Secretory and plasmalemmal proteins, proteoglycans and lysosomal enzymes follow a common pathway through the endoplasmic reticulum and Golgi complex (Farquhar, 1985). The proteins are continuously shuttled from the trans-Golgi network to the cell surface in secretory vesicles via the constitutive secretory pathway. ET-like immunoreactivity has been detected in bovine aortic and human coronary artery endothelial cell secretory vesicles, indicating involvement of the constitutive pathway in peptide transport (Harrison et al., 1993; 1995; Russell et al., 1998d). Indeed, the constitutive pathway may be involved in peptide processing since ECE and big ET-like immunoreactive staining was found to be co-localized in endothelial secretory vesicles (Barnes et al., 1998). In vivo evidence suggest that endogenous synthesis, transport and release of ET contribute to maintenance of vascular tone in humans. Forearm vasodilatation, measured by increased blood flow, was observed when either phosphoramidon or the ETA selective antagonist BQ123 was infused into the brachial artery of healthy subjects (Haynes & Webb, 1994).
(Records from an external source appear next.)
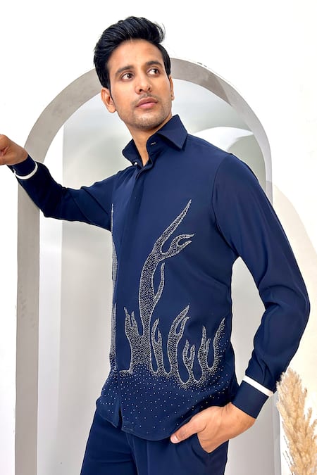 Blue shirt featuring metallic cutdana embroidery in flame pattern. Paired with matching trousers for a coordinated look.
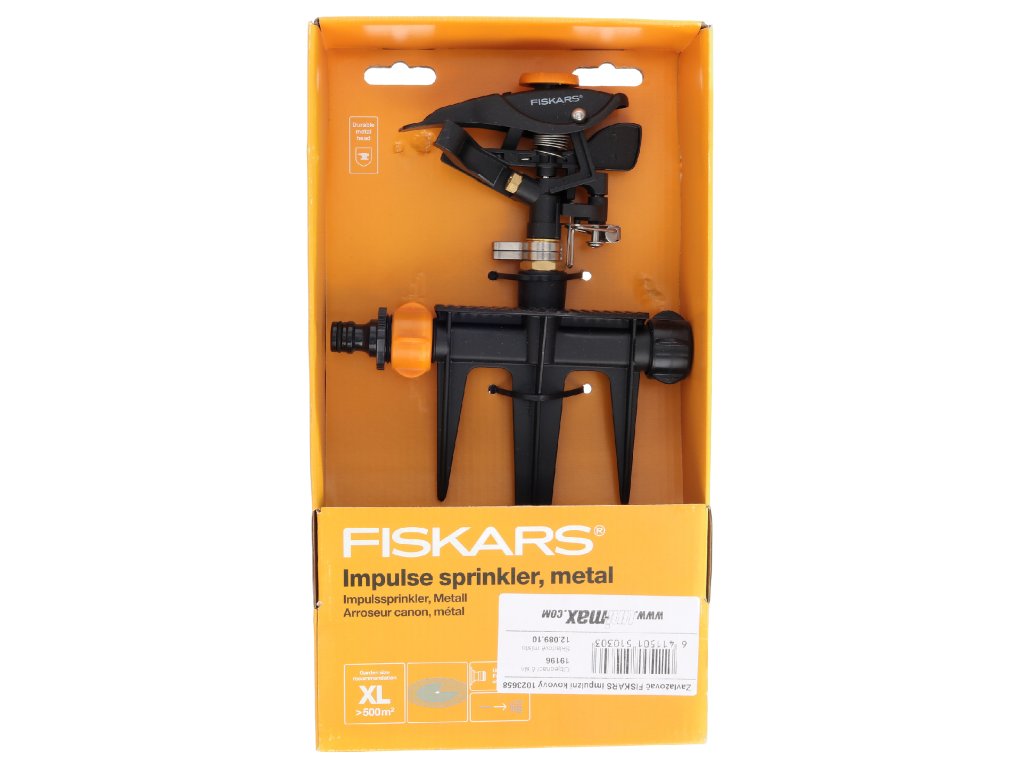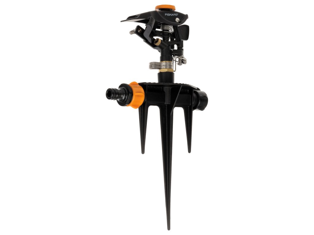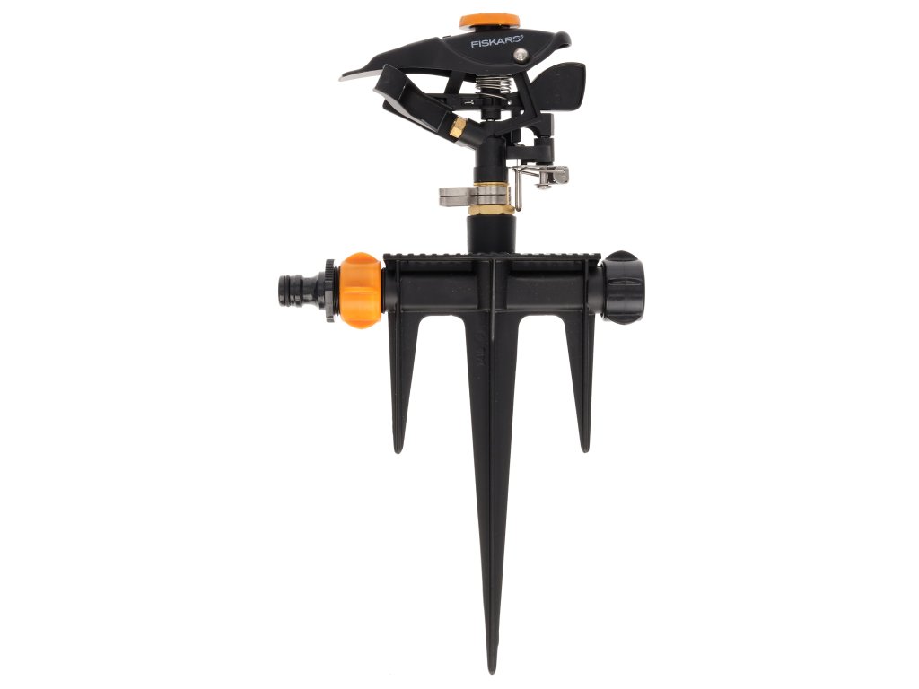 Izdržljiva metalna prskalica uključuje kontrole za jednostavno podešavanje udaljenosti navodnjavanja, vrste spreja i kontrole rotacije za precizno navodnjavanje bilo kojeg područja vašeg vrta. Uzorak spreja može se podesiti od jakog spreja do fine magle. Postavljanje površine za navodnjavanje promjera do 26 m (> 500 m2). Metalna trnovita baza. Univerzalna veza kompatibilna je s drugim markama. Visina: 36 cm, duljina: 19,5 cm, širina: 6,6 cm. Težina: 0,47 kg.
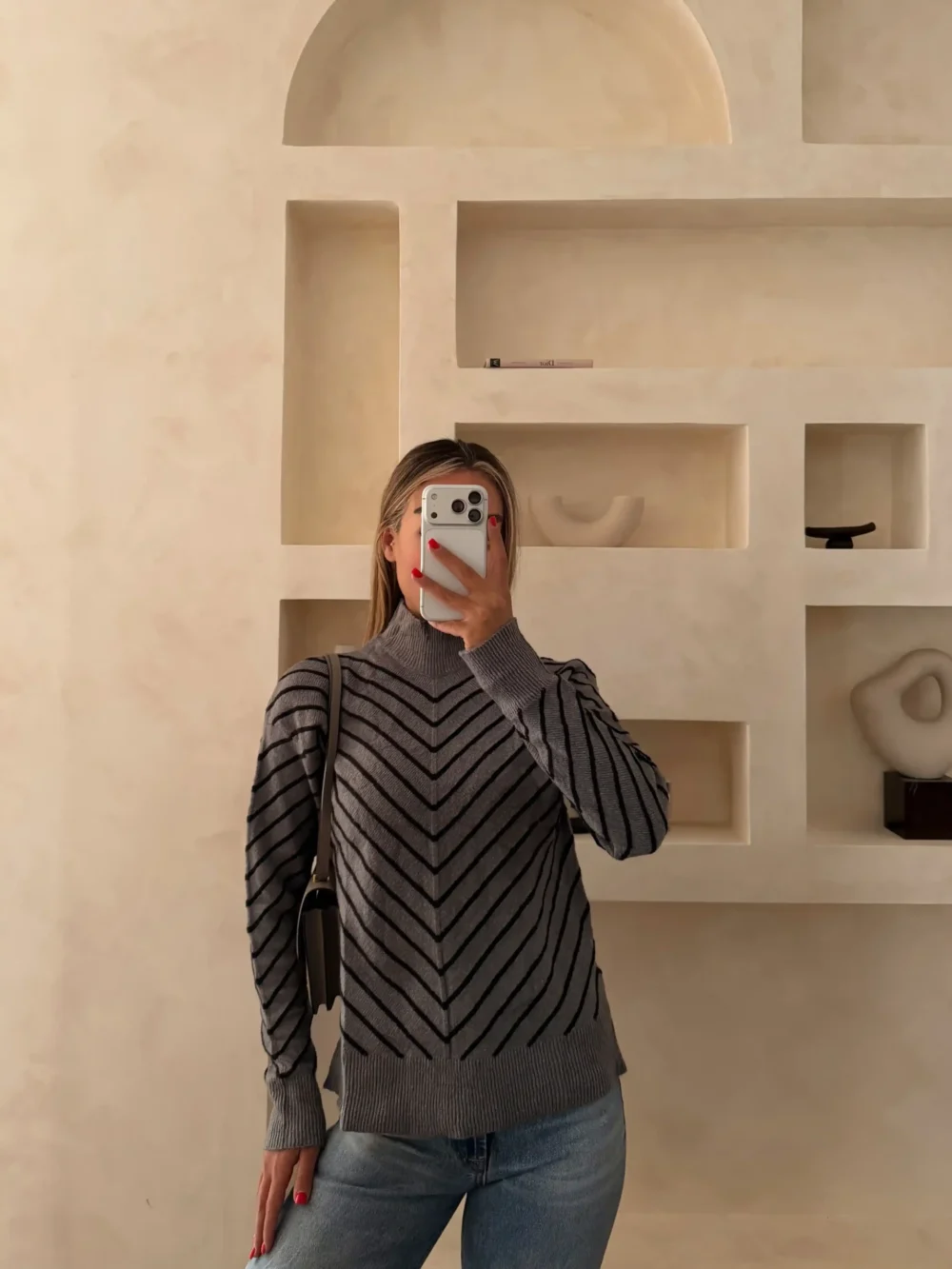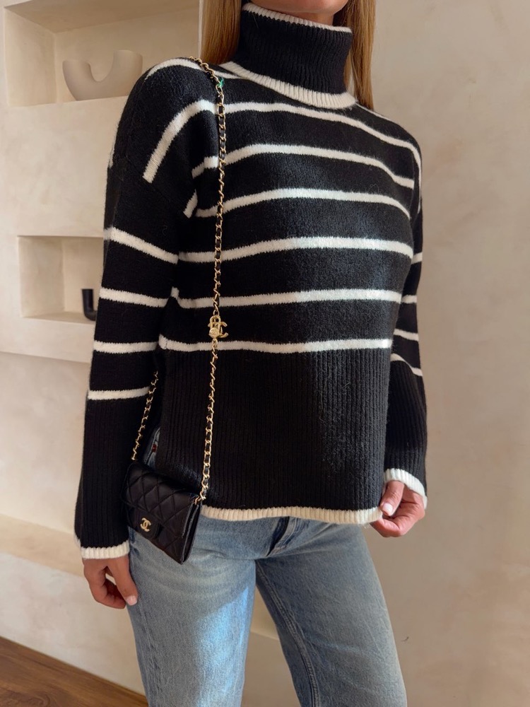 پلیور یقه اسکی راه راه مشکی سفید

Evidence for a role of the regulated secretory pathway in ET transport

Weibel-Palade bodies store vasoactive compounds including histamine, von Willebrand factor, P-selectin and calcitonin gene-related peptide (Fujimoto et al., 1982; Wagner et al., 1982; McEver et al., 1989; Doi et al., 1995; Ozaka et al., 1997). These granules are also a repository for ET in rat (Doi et al., 1996; Ozaka et al., 1997), rabbit (Sakamoto et al., 1993), and human endothelial cells (Hamasaki et al., 1995; Russell et al., 1998d). Endothelial storage granules that are distinct from Weibel-Palade bodies were identified as storage sites for tissue-type plasminogen activator (Emeis et al., 1997). However, these granules are unlikely to be involved in storage of ET since, unlike ET, tissue-type plasminogen activator does not co-localize with von Willebrand factor. Similarly, the soluble protein multimerin which was identified in round to rod-shaped, dense core granules resembling Weibel-Palade bodies did not co-localize with the Weibel-Palade body proteins von Willebrand factor or P-selectin (Hayward et al., 1998).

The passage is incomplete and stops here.